The coalition was the result of both conversations between the members about the fate of small businesses as well as long-term research, Fundbox Chief Market Office Leslie Olsen told deBanked.

“We’ve been working on it for a couple of weeks, but it’s really based on some pretty deep research that we’ve done over the years, and more recently last year, that exposed this issue that businesses have of paying each other, where there are typically a large number of outstanding receivables in the market at any given day,” Olsen explained.
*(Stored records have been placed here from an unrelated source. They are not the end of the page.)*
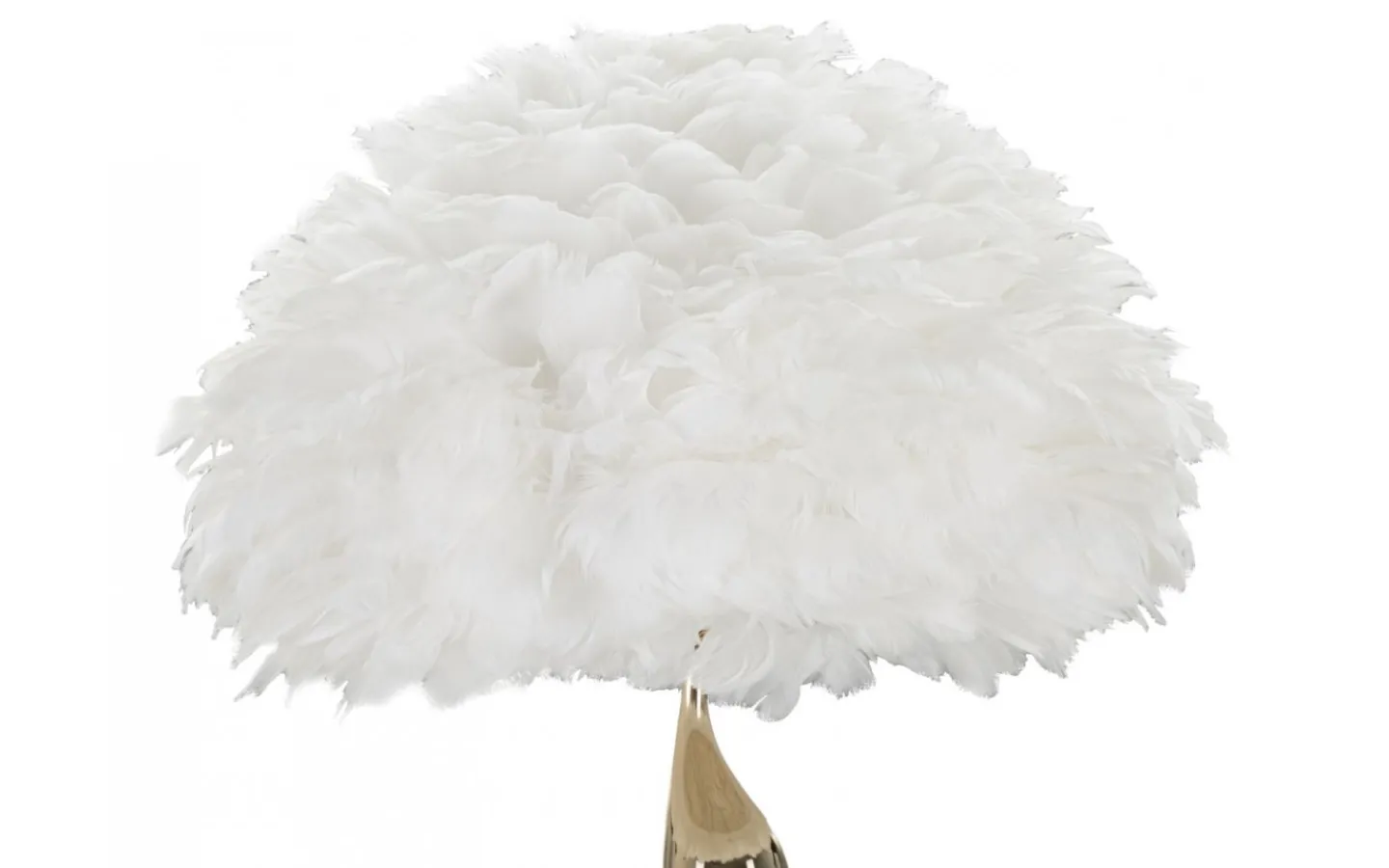 Golvlampa i gyllene metall med elegant mjuk och slingrande dekoration komplett med lampskärm av fjädrar.
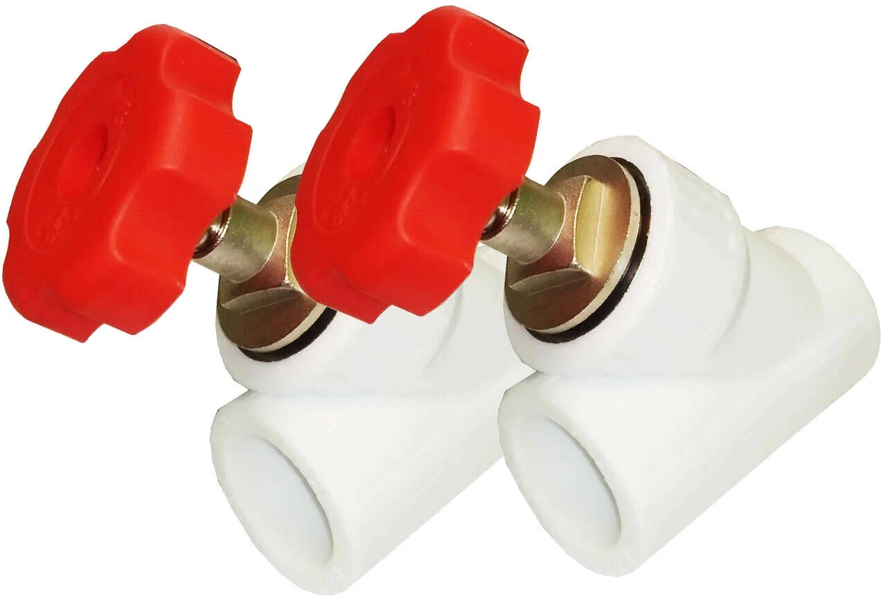 Полипропиленовый вентиль - корпусный фитинг с механизмом регулирования шпиндельного типа, расположенного под углом 45 градусов к направлению потока, позволяет плавно регулировать его в системе. Вращение маховика против часовой стрелки открывает вентиль, а по часовой закрывает.
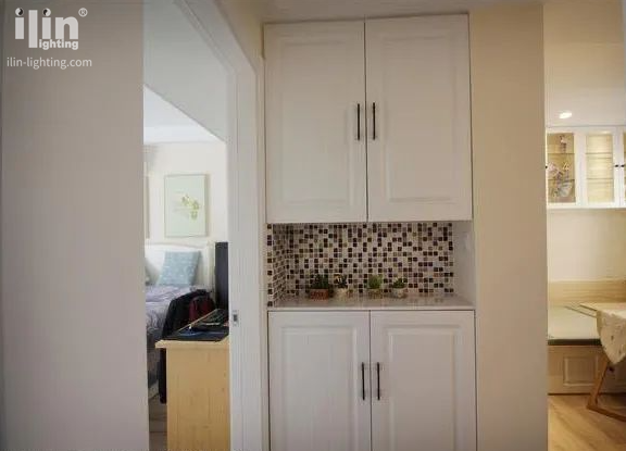 視角正對的是入戶門玄關鞋柜。通體的白色柜體采用上下柜結構,中間鏤空處背景板鋪貼了黑白相間的馬賽克瓷磚,低調經典,搭配櫥柜燈帶照明,方便進門時放置包包、鑰匙等隨手攜帶物品。鞋柜底部留空,用于擺放常用的鞋子。進門左手邊墻面裝了一面穿衣鏡,外出換衣時一定要讓自己美美噠。
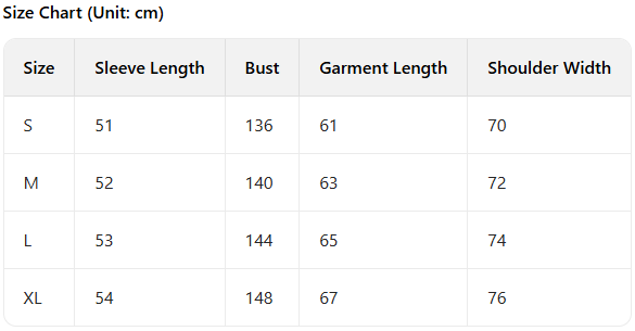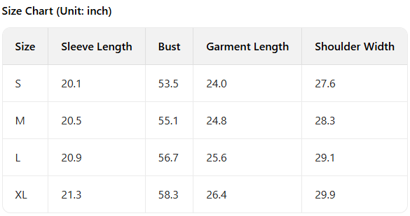 Every product page includes a detailed size chart for accurate measurements.
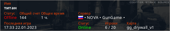Играет на Counter Strike Source сервере. Страна: РоссияПервый раз замечен 14:47 19.11.2022
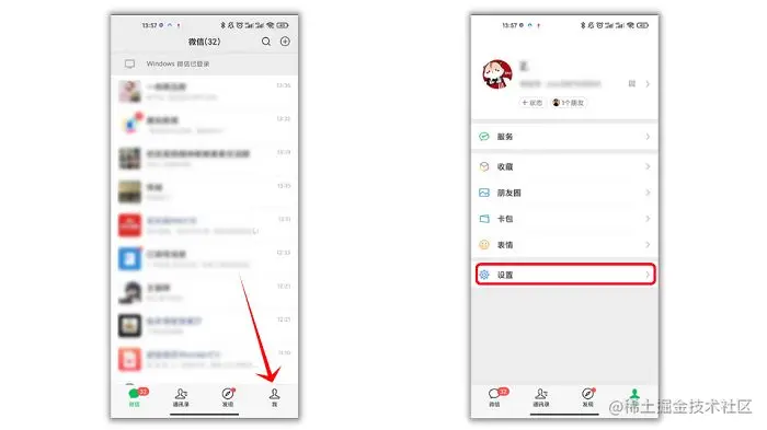 步骤1.启动你的手机微信后,点击进入【设置】;
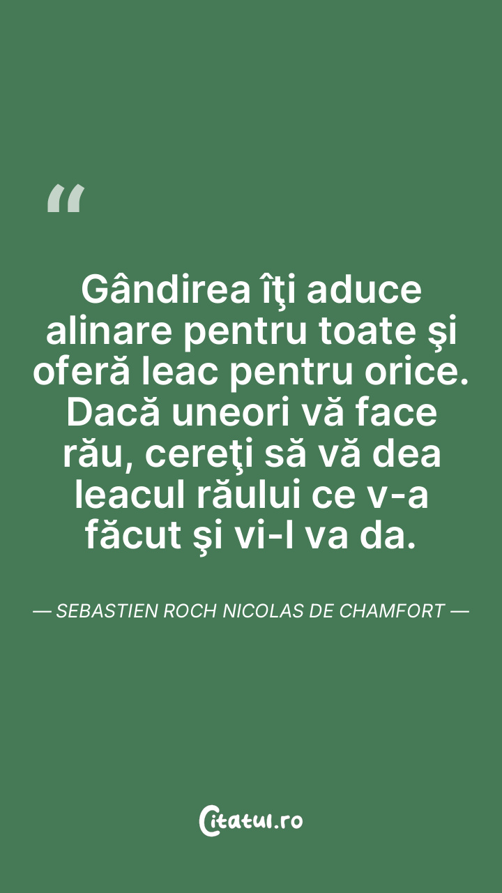 Gândirea îţi aduce alinare pentru toate şi oferă leac pentru orice. Dacă uneori vă face rău, cereţi să vă dea leacul răului ce v-a făcut şi vi-l va da. Sebastien Roch Nicolas de Chamfort
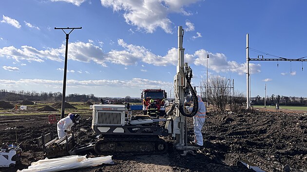 Pracovníci společnosti Dekonta na místě zatloukají larsenovou stěnu do osmimetrové hloubky, hotových je zatím zhruba třicet metrů délky. (19. března 2025)
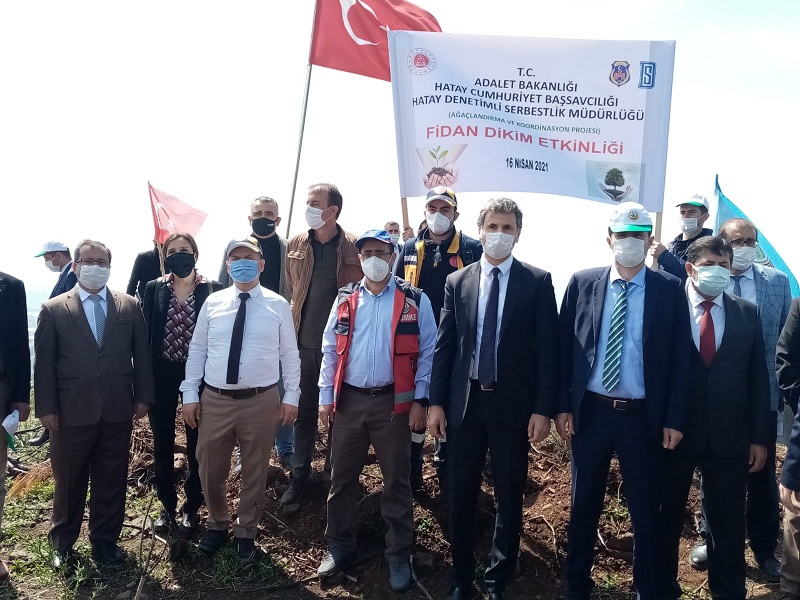 İl Sğalık Müdürlüğü tarafından yapılan açıklamada, “Hatay İl Sağlık Müdürü Dr. Mustafa HAMBOLAT,Cumhuriyet Başsavcısı Ahmet ATAMAN, Halk Sağlığı Hizmetleri Başkanı Dr. Mehmet ÖZDOĞAN, Acil Sağlık Hizmetleri Başkanı Dr. Süleyman BALAKAN, Antakya İlçe Sağlık Müdürü Dr.A. Betül SOVUKLUK, İl Sağlık Müdürlüğü personelleri ve gönüllü katılımcılar ile birlikte pandemi mücadelesinde hayatlarını kaybeden merhum sağlık şehitleri adına Serinyol ilçesi Alahan mevkisinde ”Sağlık Şehitleri Hatıra Ormanı” fidan dikimi gerçekleştirildi.
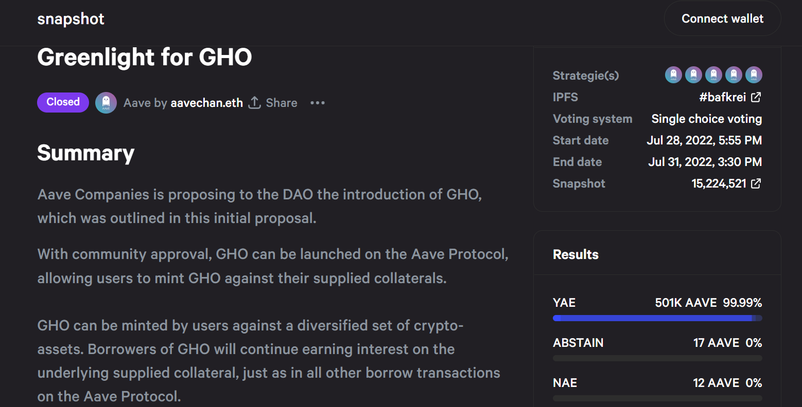 The Aave company put up the GHO creation proposal on July 28, which received an overwhelming 99.9% community vote over the course of three days. The proposal ended on Jul 31 at 10:00 am GMT with 501,000 AAVE tokens pledged in favor of creating the crypto-collateral backed stablecoin.

According to Olsen and the #paytoday campaign, there is currently $900 billion in outstanding receivables owed to small businesses. This mass of unpaid money combined with the pressures of the coronavirus and the info gleamed from their research, such as the stat that nearly 40% of small businesses have 30 days or less worth of cash available, are what’s motivating the group to act.

Currently the collective is running campaigns to get the word out and encourage those who owe small businesses money to pay them. Beyond that, #paytoday hopes to grow in coalition size and eventually branch out with larger partners.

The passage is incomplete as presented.